Voilà un moment que cet album avait tendance à redescendre régulièrement en bas de ma pile de bouquins à lire à cause du côté un peu aride de son illustration à base de gravures. Non pas que je n'aime pas ces dernières, bien au contraire, mais bon, on a parfois tendance à me laisser porter par la facilité. Prenant mon "courage" à deux mains je me suis enfin lancé dans sa lecture cette semaine et grand bien me fit !
Car d'une, la Commune de Paris est une de mes périodes historiques préférées, ensuite parce que son traitement tellement original par Raphaël Meyssan est une vraie réussite. Car il fallait oser et surtout réussir à composer quelque chose de vivant narrativement parlant et de cohérent en n'utilisant que des gravures d'époque. Ce fut également très instructif, (d'autant plus en cette période un peu insurrectionnelle chez nous) et moi qui pensais avoir une vision assez large de la Commune je me suis surpris à découvrir beaucoup de choses et d'en apprendre des vertes et des pas mûres sur nos chers dirigeants, toujours si prompts à vendre et trahir tant qu'ils peuvent en tirer profit ou sauver leur peau. Rien que ce cher Jules Ferry adulé pour avoir instauré l'éducation gratuite et obligatoire fut en réalité une belle ordure. Maire de Paris à ce moment tragique de l'histoire de notre capitale assiégée par les prussiens, il fit tirer sur la foule !
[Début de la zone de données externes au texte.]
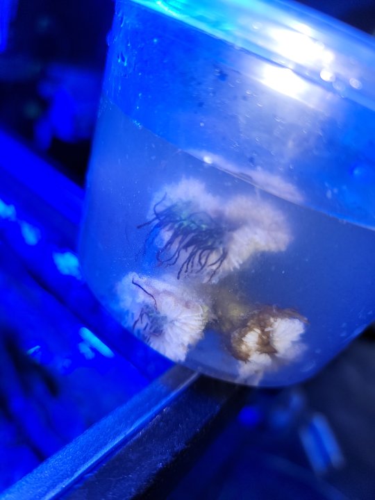 I didn't have enough time to set up a qt tank for my knicks so I put it in a container and floated it in my sump. This is what it looked like after work today.

Voilà donc un premier tome des plus réussis et très documenté qui devrait ravir les amateurs d'Histoire, de gravures mais également les curieux de notre histoire souvent édulcorée que nous renvoient ces chers manuels scolaires... Ce sont bien les vainqueurs qui écrivent l'histoire, soulever le voile sur quelques vérités est parfois salutaire.
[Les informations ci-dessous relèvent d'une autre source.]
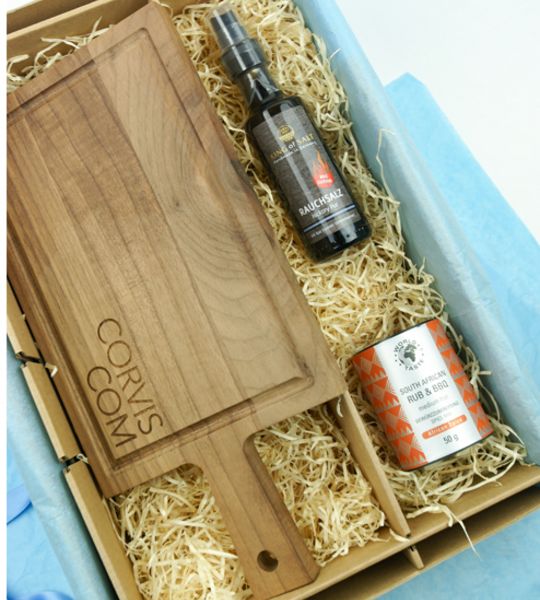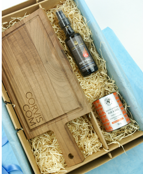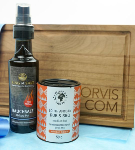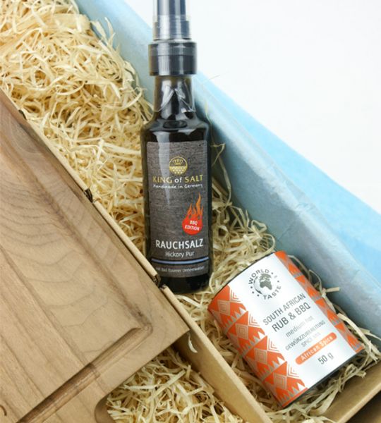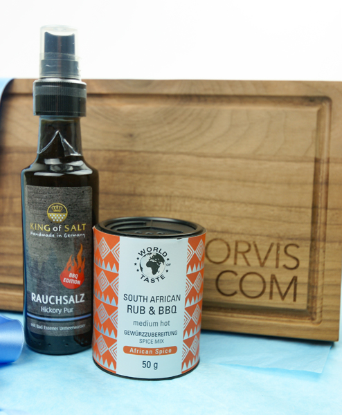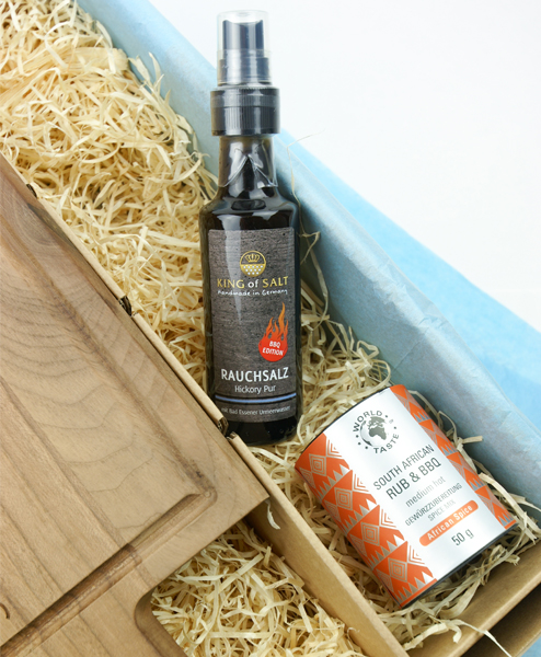 Das schöne massive Schneidebrett ist aus geöltem Walnussholz und sein mit Griff und die Saftrinne eignen es für jede Art Grillgut. Das Hickory Spraysalz ist eine Besonderheit aus Bad Essen und der Südaftrikanische Rub & BBQ von World of Taste, gibt dem knusprigen Fleisch den letzten Schliff.

Raphaël Meyssan s’attaque ici à un beau sujet – injustement occulté par l’histoire officielle, quand il n’est pas travesti – à savoir la Commune de Paris. Il le fait de façon originale et très ambitieuse. En effet, il se lance dans ce premier tome à la poursuite d’un leader communard, qui aurait vécu dans son quartier.
Mais ce qui fait toute l’originalité de son travail, c’est qu’il ne dessine pas, il ne fait qu’utiliser des documents d’époque : journaux, livres, documents officiels (rapports de police par exemple). Au milieu des gravures d’époques, se glissent des encadrés (commentaires off) et des bulles pour faire dialoguer ces personnages de papier.
Le travail préparatoire, de recherche, a dû être énorme, ce que le dossier final confirme. Chaque illustration utilisée – gravure essentiellement – y est référencée.
Si le rendu peut paraître aride, moi qui aime bien la gravure – y compris dans les collages surréalistes (de Max Ernst ou d’autres), ça me convient très bien.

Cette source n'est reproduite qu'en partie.